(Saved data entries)

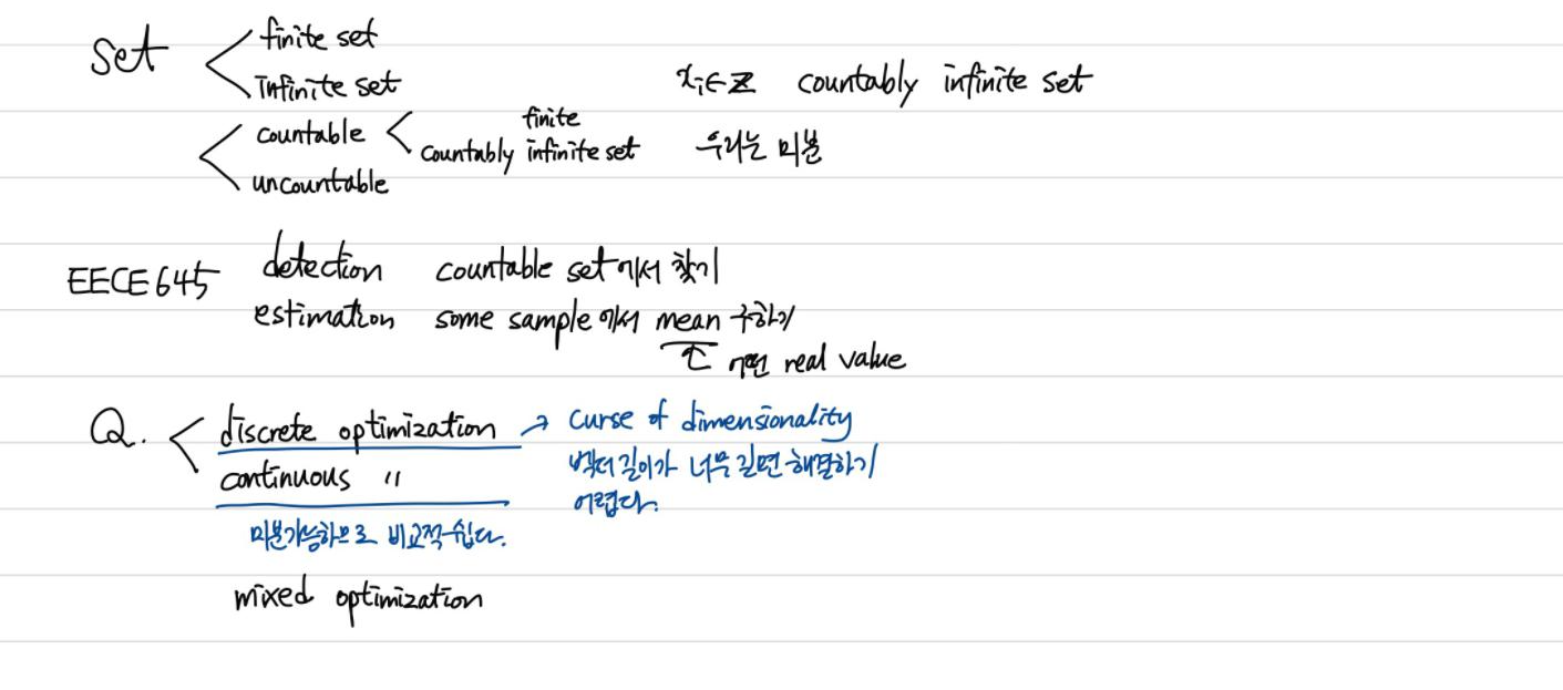 예시로는 detection문제는 countable set에서 적절한 답을 찾아내는 문제이고, estimation은 무수히 많은 값들 중에서 답을 찾아내는 문제입니다. 특정 sample을 통해 mean을 추정하는 것처럼 말입니다.
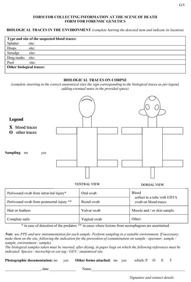 The G/1 sheet should be used when biological traces are found in the environment or on the dead animal body. For the blood traces on the environment, the sheet offers a list of blood patterns traces from which the operator can choose the most appropriate one. Other biological traces (saliva, urine, vomiting, etc.) should be distinguished and pointed out in the appropriate section. A general inspection of the body is carried out for the collection and storage of biological traces on the cadaver. Particular attention is required for the sampling of areas in which there may be biological elements attributable to the aggressor. Feces or hair must be collected although they are not necessarily indicative of the identity of the aggressor. The module indicates how to sample the traces with sterile swabs, possibly moistened with distilled water or saline in case of dry traces. These samples must be air-dried and stored in paper bags. Biological samples must be frozen as soon as possible. The form is completed with the instructions on the procedure to follow during the sampling that must be carried out with a double sampling with two different pads, changing the gloves between the two collections and keeping a protective mask during throughout the procedure. Special instructions are provided for the nails or claws that must be collected individually or protected with a bag to preserve any genetic traces during transport. All traces of bites inflicted on a live animal must be sampled for the attacker’s salivary DNA. The utility of the sample is linked to the operator’s ability to recognize a bite inflicted on a live animal from the signs resulting from a post mortal consumption. The sample sheet for genetics is supplemented by a body pattern of generic mammalian on which symbols corresponding to blood traces and traces of other organic material found on the cadaver may be inserted. The last part lists the samples that must be considered for sampling. The flag of the samples taken is required.
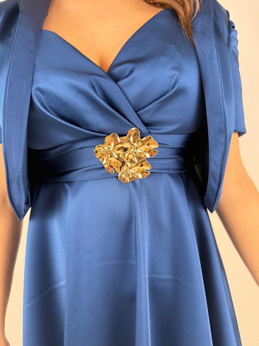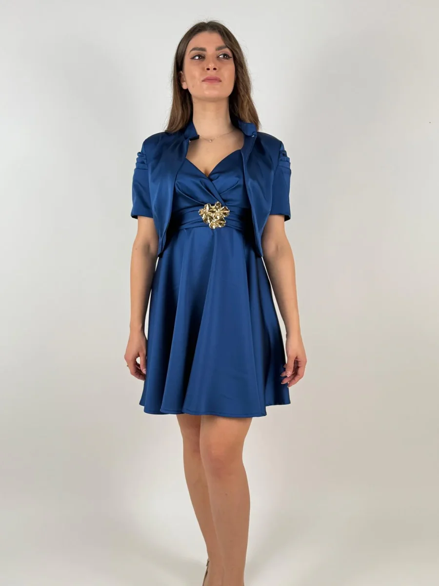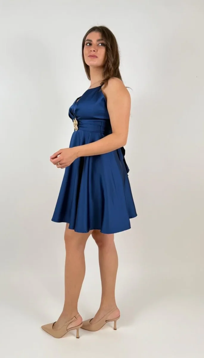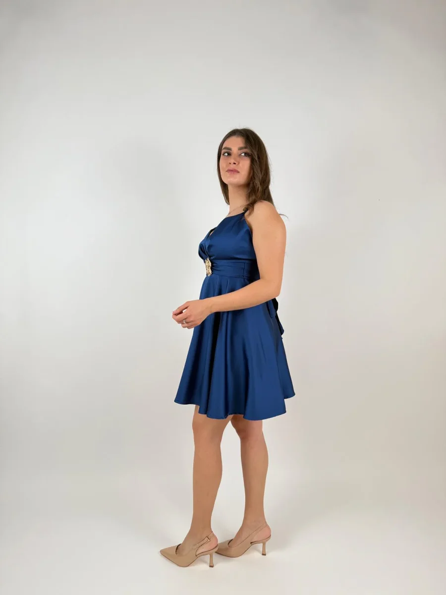 Miniabito in raso lucido dalla vestibilità svasata che esalta il punto vita. Body drappeggiato con scollo a cuore, impreziosito da maxi applicazione gioiello e fiocco sulla schiena. Perfetto per cerimonie, cocktail e serate.
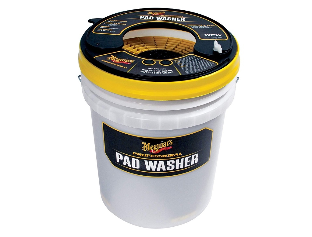 - Place buffing pad inside Meguiar’s Pad Washer (WPW), close splash lid.
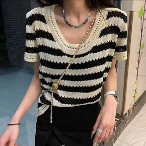 黑白条纹针织衫女2022年夏季新款撞色短袖上衣娃娃...
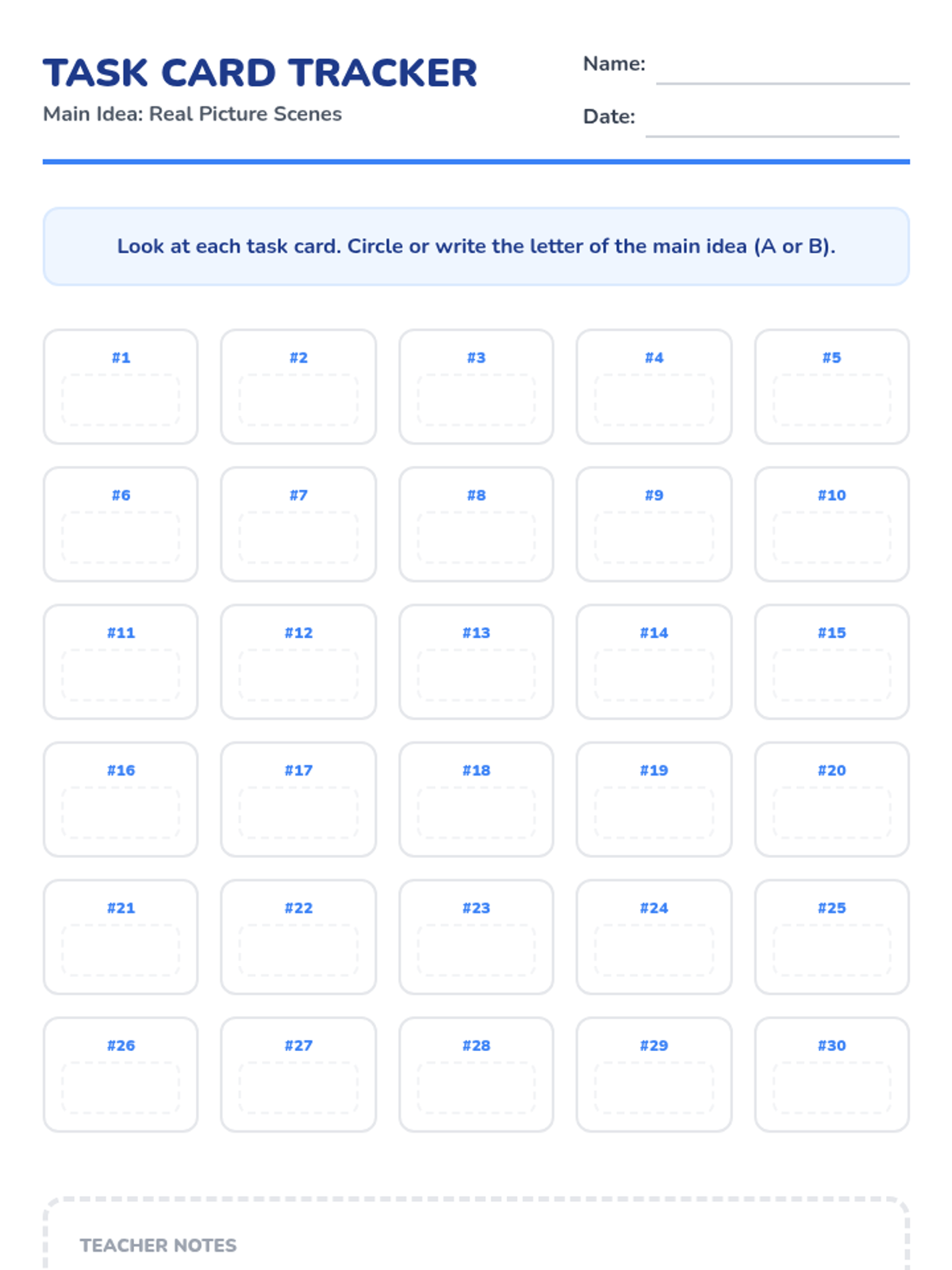 A comprehensive set of task cards and supporting materials to help primary students master the concept of 'Main Idea' through visual analysis of real-life photographs. Students will practice identifying the central theme or topic of various scenes.
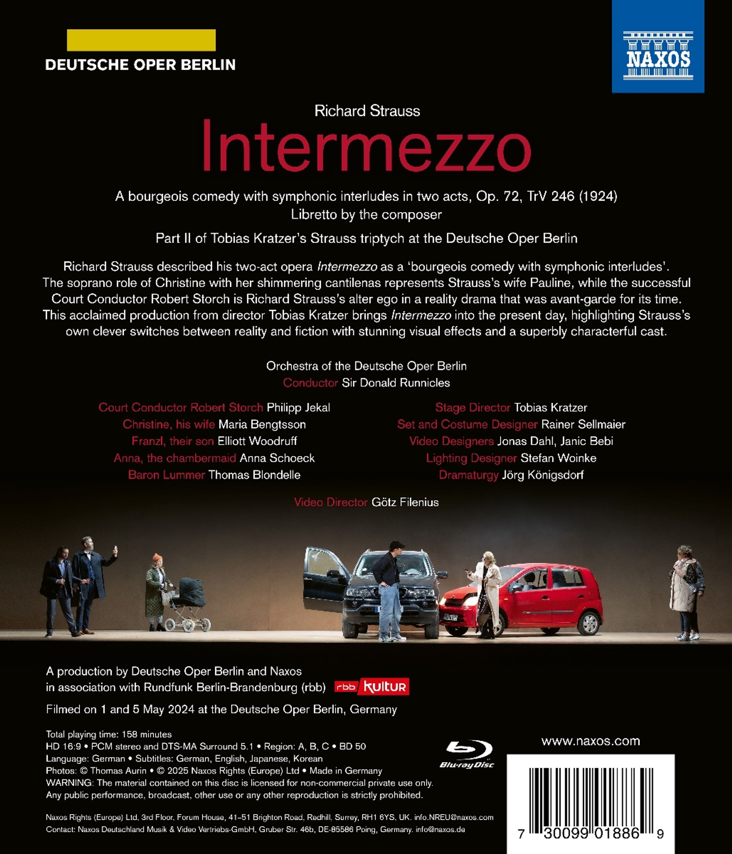 "Intermezzo" in die Gegenwart und unterstreicht Strauss' geschickte Wechsel zwischen Realitat und Fiktion mit atemberaubenden visuellen Effekten und einer hervorragenden, charakterstarken Besetzung. Sir Donald Runnicles dirigiert das Orchester der Deutschen Oper Berlin. Die ausgezeichnete Besetzung umfasst die Sopranistin Maria Bengtsson, den Tenor Thomas Blondelle und den Bariton Philipp Jekal. Dies ist der zweite Teil von Tobias Kratzers
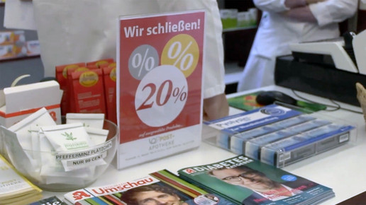 Die Markt-Apotheke im baden-württembergischen Mosbach ist ab sofort geschlossen. Apothekerin Dorit Sauerzapf hört aus wirtschaftlichen Gründen auf. Diese lauten: Immer weniger Ärzte, immer weniger Geschäfte, immer weniger Kunden.
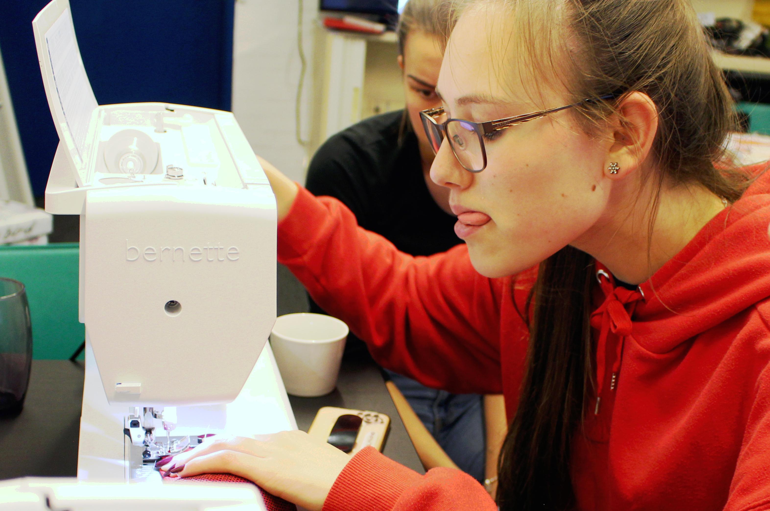 Janina erklärt und zeigt den Mädchen, wie die Maschine vorbereitet wird und wie man mit der Maschine näht.
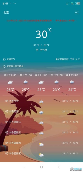 云涧天气是一款非常不错的天气查询软件,实时为您提供每天的情况以及未来15天的天气情况,如果当天下雨,还会提醒别忘记带伞,非常方便,还有大量的精美壁纸,一键即可轻松切换,还等什么,快来下载吧!!
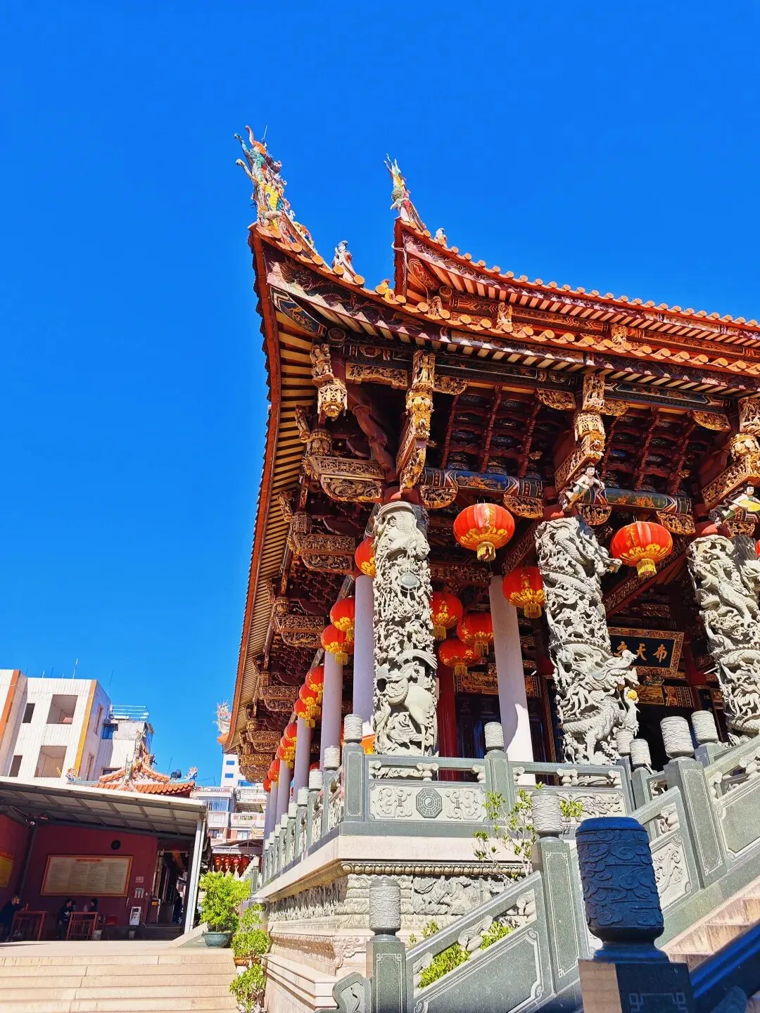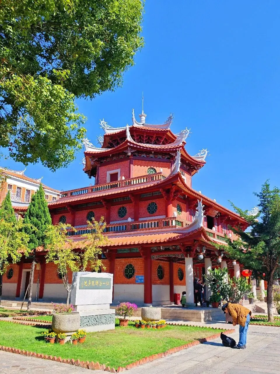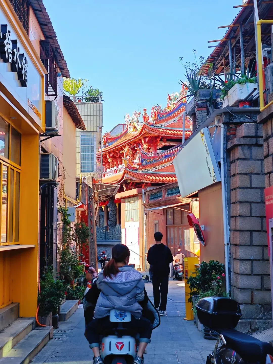 大悲殿,这是承天寺内标志性的楼阁式建筑,因呈八角形制,也被俗称为八角楼,殿内主要供奉观音相关造像,是寺内弘一法师相关纪念景观的重要载体之一。承安寺的游览结束以后,下一站,我已经走迷糊了。我都不知道后面还有多少座寺庙还没有逛😂,只是跟着雪哥穿街过巷,继续走……住在对面,是不是天天都可以得到神明的庇佑?毕竟近水楼台先得月。
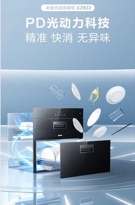 針對(duì)這個(gè)問題,老板光巡消毒柜XZ822給出了完美的答卷:搭載360°渦旋速烘技術(shù),紅外線加熱配合頂置風(fēng)機(jī)內(nèi)循環(huán)工作,有效加速烘干進(jìn)程,配合PD光動(dòng)力在60min內(nèi)即可完成消烘全流程,相比傳統(tǒng)消毒柜殺菌速度提升2.16倍,再也不用擔(dān)心消毒時(shí)漫長的等待。
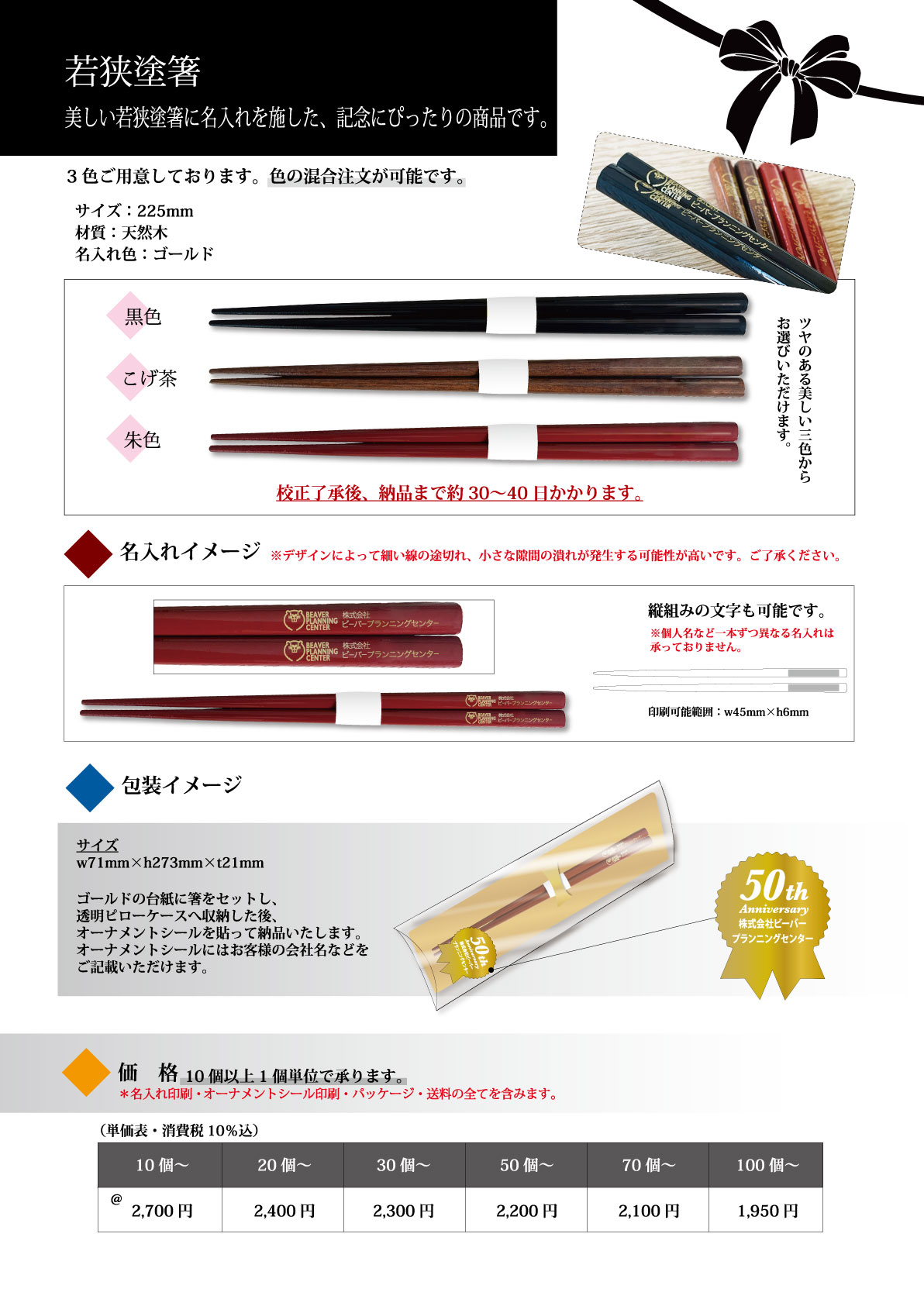 周年記念品・ノベルティに名入れ企業ロゴの印刷、のし印刷無料

* Problem to solve *
From the first line to the last, please copy the data exactly, with the pictures left out.

* Answer to this problem *
 예시로는 detection문제는 countable set에서 적절한 답을 찾아내는 문제이고, estimation은 무수히 많은 값들 중에서 답을 찾아내는 문제입니다. 특정 sample을 통해 mean을 추정하는 것처럼 말입니다.
 The G/1 sheet should be used when biological traces are found in the environment or on the dead animal body. For the blood traces on the environment, the sheet offers a list of blood patterns traces from which the operator can choose the most appropriate one. Other biological traces (saliva, urine, vomiting, etc.) should be distinguished and pointed out in the appropriate section. A general inspection of the body is carried out for the collection and storage of biological traces on the cadaver. Particular attention is required for the sampling of areas in which there may be biological elements attributable to the aggressor. Feces or hair must be collected although they are not necessarily indicative of the identity of the aggressor. The module indicates how to sample the traces with sterile swabs, possibly moistened with distilled water or saline in case of dry traces. These samples must be air-dried and stored in paper bags. Biological samples must be frozen as soon as possible. The form is completed with the instructions on the procedure to follow during the sampling that must be carried out with a double sampling with two different pads, changing the gloves between the two collections and keeping a protective mask during throughout the procedure. Special instructions are provided for the nails or claws that must be collected individually or protected with a bag to preserve any genetic traces during transport. All traces of bites inflicted on a live animal must be sampled for the attacker’s salivary DNA. The utility of the sample is linked to the operator’s ability to recognize a bite inflicted on a live animal from the signs resulting from a post mortal consumption. The sample sheet for genetics is supplemented by a body pattern of generic mammalian on which symbols corresponding to blood traces and traces of other organic material found on the cadaver may be inserted. The last part lists the samples that must be considered for sampling. The flag of the samples taken is required.
 Miniabito in raso lucido dalla vestibilità svasata che esalta il punto vita. Body drappeggiato con scollo a cuore, impreziosito da maxi applicazione gioiello e fiocco sulla schiena. Perfetto per cerimonie, cocktail e serate.
 - Place buffing pad inside Meguiar’s Pad Washer (WPW), close splash lid.
 黑白条纹针织衫女2022年夏季新款撞色短袖上衣娃娃...
 A comprehensive set of task cards and supporting materials to help primary students master the concept of 'Main Idea' through visual analysis of real-life photographs. Students will practice identifying the central theme or topic of various scenes.
 "Intermezzo" in die Gegenwart und unterstreicht Strauss' geschickte Wechsel zwischen Realitat und Fiktion mit atemberaubenden visuellen Effekten und einer hervorragenden, charakterstarken Besetzung. Sir Donald Runnicles dirigiert das Orchester der Deutschen Oper Berlin. Die ausgezeichnete Besetzung umfasst die Sopranistin Maria Bengtsson, den Tenor Thomas Blondelle und den Bariton Philipp Jekal. Dies ist der zweite Teil von Tobias Kratzers
 Die Markt-Apotheke im baden-württembergischen Mosbach ist ab sofort geschlossen. Apothekerin Dorit Sauerzapf hört aus wirtschaftlichen Gründen auf. Diese lauten: Immer weniger Ärzte, immer weniger Geschäfte, immer weniger Kunden.
 Janina erklärt und zeigt den Mädchen, wie die Maschine vorbereitet wird und wie man mit der Maschine näht.
 云涧天气是一款非常不错的天气查询软件,实时为您提供每天的情况以及未来15天的天气情况,如果当天下雨,还会提醒别忘记带伞,非常方便,还有大量的精美壁纸,一键即可轻松切换,还等什么,快来下载吧!!
 大悲殿,这是承天寺内标志性的楼阁式建筑,因呈八角形制,也被俗称为八角楼,殿内主要供奉观音相关造像,是寺内弘一法师相关纪念景观的重要载体之一。承安寺的游览结束以后,下一站,我已经走迷糊了。我都不知道后面还有多少座寺庙还没有逛😂,只是跟着雪哥穿街过巷,继续走……住在对面,是不是天天都可以得到神明的庇佑?毕竟近水楼台先得月。
 針對(duì)這個(gè)問題,老板光巡消毒柜XZ822給出了完美的答卷:搭載360°渦旋速烘技術(shù),紅外線加熱配合頂置風(fēng)機(jī)內(nèi)循環(huán)工作,有效加速烘干進(jìn)程,配合PD光動(dòng)力在60min內(nèi)即可完成消烘全流程,相比傳統(tǒng)消毒柜殺菌速度提升2.16倍,再也不用擔(dān)心消毒時(shí)漫長的等待。
 周年記念品・ノベルティに名入れ企業ロゴの印刷、のし印刷無料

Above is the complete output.